─── Given records

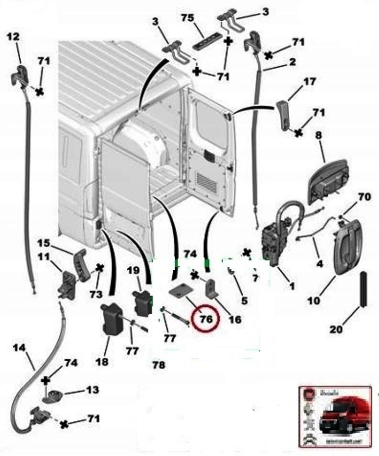 Упор задней двери нижний (стопор, фиксатор, штифт) Fiat Ducato (2014-.....) 1346548080,FT95421,FT95490,7235.C5
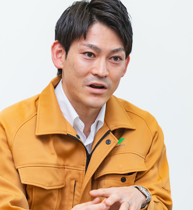 2008年入社。理工学部建築都市デザイン学科卒。主任として駅舎の躯体工事、外装工事、駅舎外のデッキ工事、駅前のイベント施設工事の安全・品質・原価・工程管理を担当。
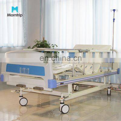 Product DescriptionThis two-function hospital bed has back-rest and leg-rest and. During daily treatment and nursing, the position of the patient's back and legs are appropriately adjusted according to the needs of the patient or nursing need, which helps to relieve the pressure on the back, legs and promote blood circulation.This bed has a fixed height, which is not adjustable. If customers need height-adjustable beds can check Model A01 and A02.Headboard/FootboardABS bedboardSide railsCollapsible aluminum alloy guardrailsBed surfaceHigh quality large steel plate punching bed frame L1950mm x W900mmBrake systemSide brake central control castersCranksABS fold hidden cranksBack lifting angle0-75°Leg lifting angle0-45°Max load weight≤250kgsFull Length2200mmFull width930mmHeight of the bed surface500mmOptionsMattress, IV pole, Drainage bag hook, bedside locker, overbed tableDetailed ImagesABS Headboard & Footboard1. Both the headboard and footboard are equipped with anti-collision strips, which can reduce the impact of the collision while transportation.2. ABS fold hidden cranks at the bed tail, effortless for caregivers to adjust patients' position.Safety Side Rails1. Aluminum alloy and stainless steel guardrails can prevent patients falling off the hospital beds, which can keep patients move safely. 2. The side rails are collapsible, can be folded on the bedside when caregivers offering caring.Brake System1. Side brake system controls 4 mute casters.2. 125mm mute casters can be locked once we step on the brake, very effective for emergencies.Our AdvantagesProduction Advantages1. Production base over 5000 m2, over 10000 m2 new factory under construction.2. More than 100 skilled workers and semi-automatic production lines, which lead to a short lead time: 10 days for a 40HQ.R&D and QC Advantages1. Our R&D team has more than 15 years of experience in the hospital bed industry, can solve various product design problems according to customer needs.2. Quality control almost goes through the entire production process. Every part of the bed must be 100% examined before handing it over to the next production process.Overseas Warehouses1. We have warehouses in both Korea & Russia, which can deliver fast to customers there. 2. Also can help us deal with after-sales issues faster.After-sales Advantages1. One year warranty, free spare parts.2. Guarantee 5 years repair, offer spare parts with cost price. 10% off new beds change.3. 10 years spare parts supply guaranteed.Related Products$360 - $ 380 Pieces10 Pieces (MOQ)$490 - $ 515 Pieces10 Pieces (MOQ)$360 - $ 380 Pieces10 Pieces (MOQ)CertificateISO 13485: 2016ISO 9001: 2015CE CertificatePacking&ShippingInner PackingEvery part of the bed is packed or wrapped with bubble bags, in case the transport collision damages the components.Outer PackingOuter cartons are wrapped with PET strapping, effectively avoid packages to be deformed and damaged.Container LoadingBefore loading into the containers, every package is packed under high standards and must go through strict quality control processing. Company IntroductionEstablished in 2015, Morntrip is a professional manufacturer of disposable non-woven products. Covering an area of 50,000 square meters, our factory is located in Xiantao city, the most famous place of domestic non-woven industry, which also has the most complete supply chain system and the richest production experience of non-woven products in China. Xiantao is only two hours' drive away from Wuhan port, the biggest inland port of China, which is very convenient and economical for FCL transportation.Focused on non-woven product manufacturing, R&D, and marketing for more than 20 years, we have developed into a large-scale manufacturer. We have integrated a complete product supply chain, which including raw material production, finished product processing, packaging, and transportation. More than 20 years’ production experience also made us become one of the most famous KOLs in this field.We are certified with China medical device production license, CE and ISO 13485 by TUV Rheinland. Our main products including disposable medical masks, coveralls, surgical gowns, lab coats, doctor caps, bedsheets, shoe covers, and other kinds of protective equipment. We also produce non-woven fabrics by ourselves, including spun-bond, melt-blown, and SMS non-woven.In order to stay competitive in this field, we have been always improving ourselves:1. Started operating Morntrip brand in 2015, which has become a famous export trading company in Wuhan exporting field.2. In 2017, we imported a non-woven fabric production line of SMS from Japan, which can produce both spun-bond and melt-blown polypropylene.3. Over 30,000m2 modernized new dust-free workshops were put into production in 2018, which made our total production bases more than 50,000 m2, total employees over 300.4. In 2019, our annual sales reached 200 million RMB, non-woven fabric annual output over 7,000 tons, and can deliver finished products over 30 pieces of 40HQ container every month.5. In 2020, we were designated suppliers to help prevent the pandemic in Hubei.6. In 2021, Morntrip Supply Chain Company was established, we signed cooperation agreements with well-known enterprises in China. New products like hospital beds and industrial protective gloves have been added to our new business plans.Our customers are from all over the world, such as North & South America, Europe, Middle East, East Asia, South East Asia, and so on. We always put our customers in first place during our cooperation and provide them with the best products and services. We will keep learning and innovating in the future. We also believe that Morntrip will keep growing up and go further with our customers together.
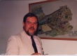 Professor Eurico Borba, Vice-reitor de Desenvolvimento, em frente a um mapa colorido do campus. |
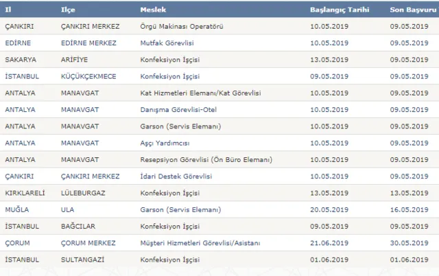 İŞKUR 'da yayımlanan mesleki ve işbaşı eğitim kursları şu şekilde;

──────

Work task: Return the complete material exactly as given, excluding images.

Exercise result:
 Упор задней двери нижний (стопор, фиксатор, штифт) Fiat Ducato (2014-.....) 1346548080,FT95421,FT95490,7235.C5
 2008年入社。理工学部建築都市デザイン学科卒。主任として駅舎の躯体工事、外装工事、駅舎外のデッキ工事、駅前のイベント施設工事の安全・品質・原価・工程管理を担当。
 Product DescriptionThis two-function hospital bed has back-rest and leg-rest and. During daily treatment and nursing, the position of the patient's back and legs are appropriately adjusted according to the needs of the patient or nursing need, which helps to relieve the pressure on the back, legs and promote blood circulation.This bed has a fixed height, which is not adjustable. If customers need height-adjustable beds can check Model A01 and A02.Headboard/FootboardABS bedboardSide railsCollapsible aluminum alloy guardrailsBed surfaceHigh quality large steel plate punching bed frame L1950mm x W900mmBrake systemSide brake central control castersCranksABS fold hidden cranksBack lifting angle0-75°Leg lifting angle0-45°Max load weight≤250kgsFull Length2200mmFull width930mmHeight of the bed surface500mmOptionsMattress, IV pole, Drainage bag hook, bedside locker, overbed tableDetailed ImagesABS Headboard & Footboard1. Both the headboard and footboard are equipped with anti-collision strips, which can reduce the impact of the collision while transportation.2. ABS fold hidden cranks at the bed tail, effortless for caregivers to adjust patients' position.Safety Side Rails1. Aluminum alloy and stainless steel guardrails can prevent patients falling off the hospital beds, which can keep patients move safely. 2. The side rails are collapsible, can be folded on the bedside when caregivers offering caring.Brake System1. Side brake system controls 4 mute casters.2. 125mm mute casters can be locked once we step on the brake, very effective for emergencies.Our AdvantagesProduction Advantages1. Production base over 5000 m2, over 10000 m2 new factory under construction.2. More than 100 skilled workers and semi-automatic production lines, which lead to a short lead time: 10 days for a 40HQ.R&D and QC Advantages1. Our R&D team has more than 15 years of experience in the hospital bed industry, can solve various product design problems according to customer needs.2. Quality control almost goes through the entire production process. Every part of the bed must be 100% examined before handing it over to the next production process.Overseas Warehouses1. We have warehouses in both Korea & Russia, which can deliver fast to customers there. 2. Also can help us deal with after-sales issues faster.After-sales Advantages1. One year warranty, free spare parts.2. Guarantee 5 years repair, offer spare parts with cost price. 10% off new beds change.3. 10 years spare parts supply guaranteed.Related Products$360 - $ 380 Pieces10 Pieces (MOQ)$490 - $ 515 Pieces10 Pieces (MOQ)$360 - $ 380 Pieces10 Pieces (MOQ)CertificateISO 13485: 2016ISO 9001: 2015CE CertificatePacking&ShippingInner PackingEvery part of the bed is packed or wrapped with bubble bags, in case the transport collision damages the components.Outer PackingOuter cartons are wrapped with PET strapping, effectively avoid packages to be deformed and damaged.Container LoadingBefore loading into the containers, every package is packed under high standards and must go through strict quality control processing. Company IntroductionEstablished in 2015, Morntrip is a professional manufacturer of disposable non-woven products. Covering an area of 50,000 square meters, our factory is located in Xiantao city, the most famous place of domestic non-woven industry, which also has the most complete supply chain system and the richest production experience of non-woven products in China. Xiantao is only two hours' drive away from Wuhan port, the biggest inland port of China, which is very convenient and economical for FCL transportation.Focused on non-woven product manufacturing, R&D, and marketing for more than 20 years, we have developed into a large-scale manufacturer. We have integrated a complete product supply chain, which including raw material production, finished product processing, packaging, and transportation. More than 20 years’ production experience also made us become one of the most famous KOLs in this field.We are certified with China medical device production license, CE and ISO 13485 by TUV Rheinland. Our main products including disposable medical masks, coveralls, surgical gowns, lab coats, doctor caps, bedsheets, shoe covers, and other kinds of protective equipment. We also produce non-woven fabrics by ourselves, including spun-bond, melt-blown, and SMS non-woven.In order to stay competitive in this field, we have been always improving ourselves:1. Started operating Morntrip brand in 2015, which has become a famous export trading company in Wuhan exporting field.2. In 2017, we imported a non-woven fabric production line of SMS from Japan, which can produce both spun-bond and melt-blown polypropylene.3. Over 30,000m2 modernized new dust-free workshops were put into production in 2018, which made our total production bases more than 50,000 m2, total employees over 300.4. In 2019, our annual sales reached 200 million RMB, non-woven fabric annual output over 7,000 tons, and can deliver finished products over 30 pieces of 40HQ container every month.5. In 2020, we were designated suppliers to help prevent the pandemic in Hubei.6. In 2021, Morntrip Supply Chain Company was established, we signed cooperation agreements with well-known enterprises in China. New products like hospital beds and industrial protective gloves have been added to our new business plans.Our customers are from all over the world, such as North & South America, Europe, Middle East, East Asia, South East Asia, and so on. We always put our customers in first place during our cooperation and provide them with the best products and services. We will keep learning and innovating in the future. We also believe that Morntrip will keep growing up and go further with our customers together.
 Professor Eurico Borba, Vice-reitor de Desenvolvimento, em frente a um mapa colorido do campus. |
 İŞKUR 'da yayımlanan mesleki ve işbaşı eğitim kursları şu şekilde;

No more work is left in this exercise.